## INPUT DATA
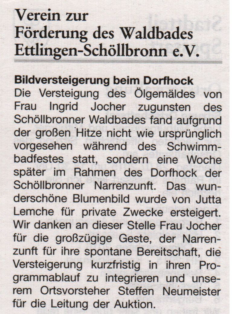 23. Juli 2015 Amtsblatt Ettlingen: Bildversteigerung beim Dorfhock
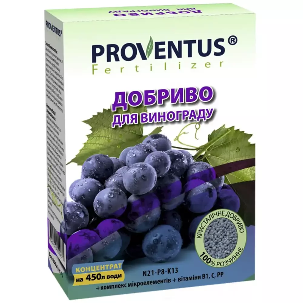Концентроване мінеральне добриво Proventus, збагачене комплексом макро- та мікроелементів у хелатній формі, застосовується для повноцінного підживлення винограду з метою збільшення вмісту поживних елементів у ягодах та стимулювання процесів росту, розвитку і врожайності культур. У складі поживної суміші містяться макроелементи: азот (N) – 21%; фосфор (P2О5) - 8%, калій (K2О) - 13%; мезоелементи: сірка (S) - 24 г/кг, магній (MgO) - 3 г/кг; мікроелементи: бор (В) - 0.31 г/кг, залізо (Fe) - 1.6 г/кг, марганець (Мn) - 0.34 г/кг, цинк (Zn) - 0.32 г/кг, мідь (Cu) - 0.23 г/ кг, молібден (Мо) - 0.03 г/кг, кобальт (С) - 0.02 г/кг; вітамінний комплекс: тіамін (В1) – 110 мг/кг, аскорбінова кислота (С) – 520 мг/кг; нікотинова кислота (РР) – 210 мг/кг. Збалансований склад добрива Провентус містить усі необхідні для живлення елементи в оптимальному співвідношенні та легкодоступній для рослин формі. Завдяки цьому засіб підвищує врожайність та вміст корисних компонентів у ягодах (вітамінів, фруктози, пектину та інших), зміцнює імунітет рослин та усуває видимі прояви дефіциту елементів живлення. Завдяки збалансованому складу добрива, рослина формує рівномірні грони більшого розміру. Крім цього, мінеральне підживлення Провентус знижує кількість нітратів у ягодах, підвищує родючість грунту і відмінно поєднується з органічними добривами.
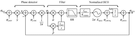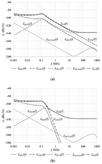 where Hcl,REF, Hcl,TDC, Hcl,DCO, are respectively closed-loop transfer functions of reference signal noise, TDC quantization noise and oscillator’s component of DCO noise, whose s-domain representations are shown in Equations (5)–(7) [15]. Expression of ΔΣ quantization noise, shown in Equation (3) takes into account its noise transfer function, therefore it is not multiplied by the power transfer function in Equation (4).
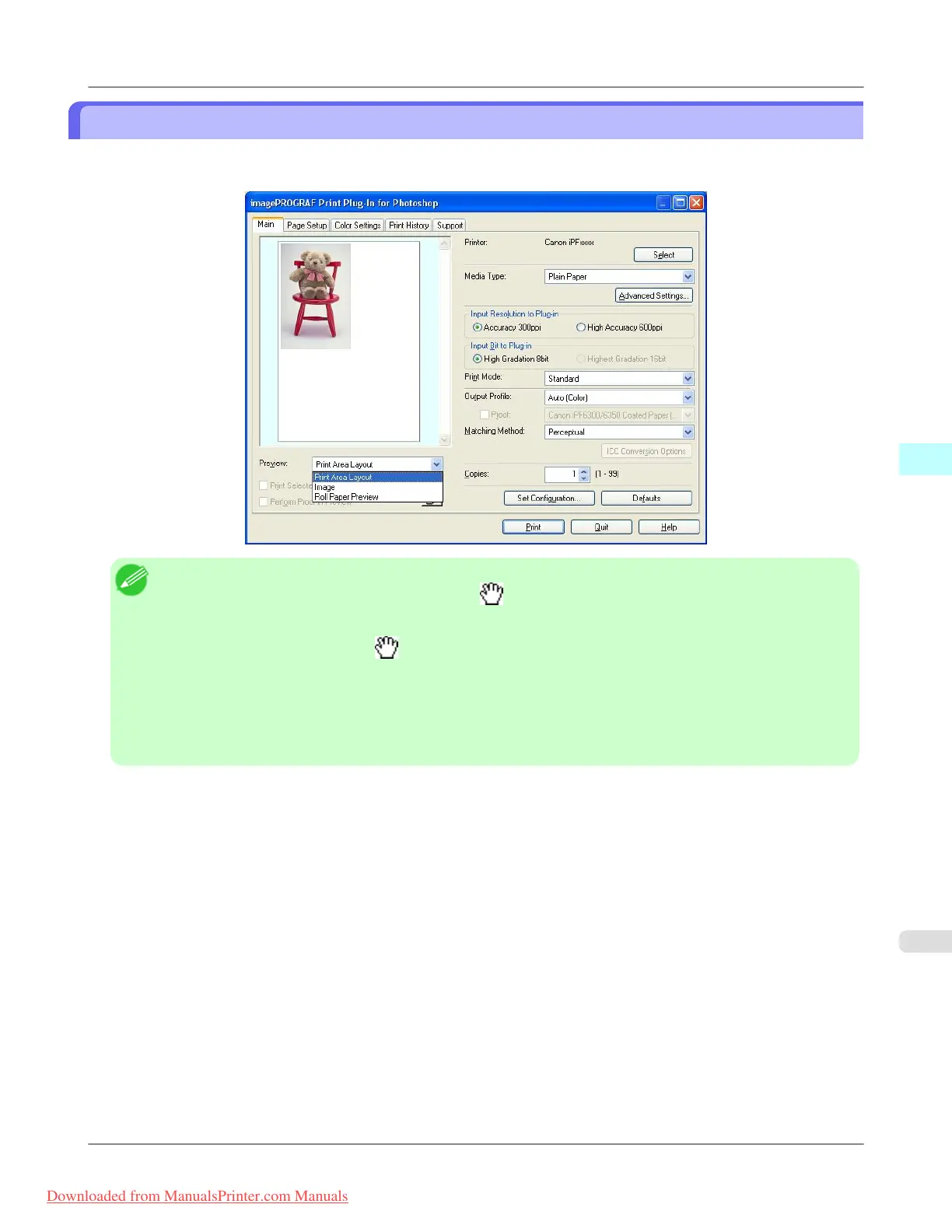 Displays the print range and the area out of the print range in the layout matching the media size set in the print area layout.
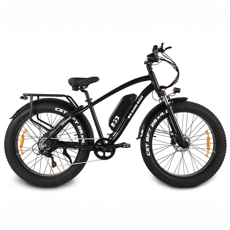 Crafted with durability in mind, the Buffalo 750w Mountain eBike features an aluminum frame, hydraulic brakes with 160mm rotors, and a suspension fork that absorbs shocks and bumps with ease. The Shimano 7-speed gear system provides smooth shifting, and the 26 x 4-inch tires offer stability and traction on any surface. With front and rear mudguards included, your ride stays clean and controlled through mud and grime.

## AIM OF THE TASK
No pictures belong in the copy. Repeat the listing above exactly.

## EXERCISE RESULT
 23. Juli 2015 Amtsblatt Ettlingen: Bildversteigerung beim Dorfhock
Концентроване мінеральне добриво Proventus, збагачене комплексом макро- та мікроелементів у хелатній формі, застосовується для повноцінного підживлення винограду з метою збільшення вмісту поживних елементів у ягодах та стимулювання процесів росту, розвитку і врожайності культур. У складі поживної суміші містяться макроелементи: азот (N) – 21%; фосфор (P2О5) - 8%, калій (K2О) - 13%; мезоелементи: сірка (S) - 24 г/кг, магній (MgO) - 3 г/кг; мікроелементи: бор (В) - 0.31 г/кг, залізо (Fe) - 1.6 г/кг, марганець (Мn) - 0.34 г/кг, цинк (Zn) - 0.32 г/кг, мідь (Cu) - 0.23 г/ кг, молібден (Мо) - 0.03 г/кг, кобальт (С) - 0.02 г/кг; вітамінний комплекс: тіамін (В1) – 110 мг/кг, аскорбінова кислота (С) – 520 мг/кг; нікотинова кислота (РР) – 210 мг/кг. Збалансований склад добрива Провентус містить усі необхідні для живлення елементи в оптимальному співвідношенні та легкодоступній для рослин формі. Завдяки цьому засіб підвищує врожайність та вміст корисних компонентів у ягодах (вітамінів, фруктози, пектину та інших), зміцнює імунітет рослин та усуває видимі прояви дефіциту елементів живлення. Завдяки збалансованому складу добрива, рослина формує рівномірні грони більшого розміру. Крім цього, мінеральне підживлення Провентус знижує кількість нітратів у ягодах, підвищує родючість грунту і відмінно поєднується з органічними добривами.
 where Hcl,REF, Hcl,TDC, Hcl,DCO, are respectively closed-loop transfer functions of reference signal noise, TDC quantization noise and oscillator’s component of DCO noise, whose s-domain representations are shown in Equations (5)–(7) [15]. Expression of ΔΣ quantization noise, shown in Equation (3) takes into account its noise transfer function, therefore it is not multiplied by the power transfer function in Equation (4).
 Displays the print range and the area out of the print range in the layout matching the media size set in the print area layout.
 Crafted with durability in mind, the Buffalo 750w Mountain eBike features an aluminum frame, hydraulic brakes with 160mm rotors, and a suspension fork that absorbs shocks and bumps with ease. The Shimano 7-speed gear system provides smooth shifting, and the 26 x 4-inch tires offer stability and traction on any surface. With front and rear mudguards included, your ride stays clean and controlled through mud and grime.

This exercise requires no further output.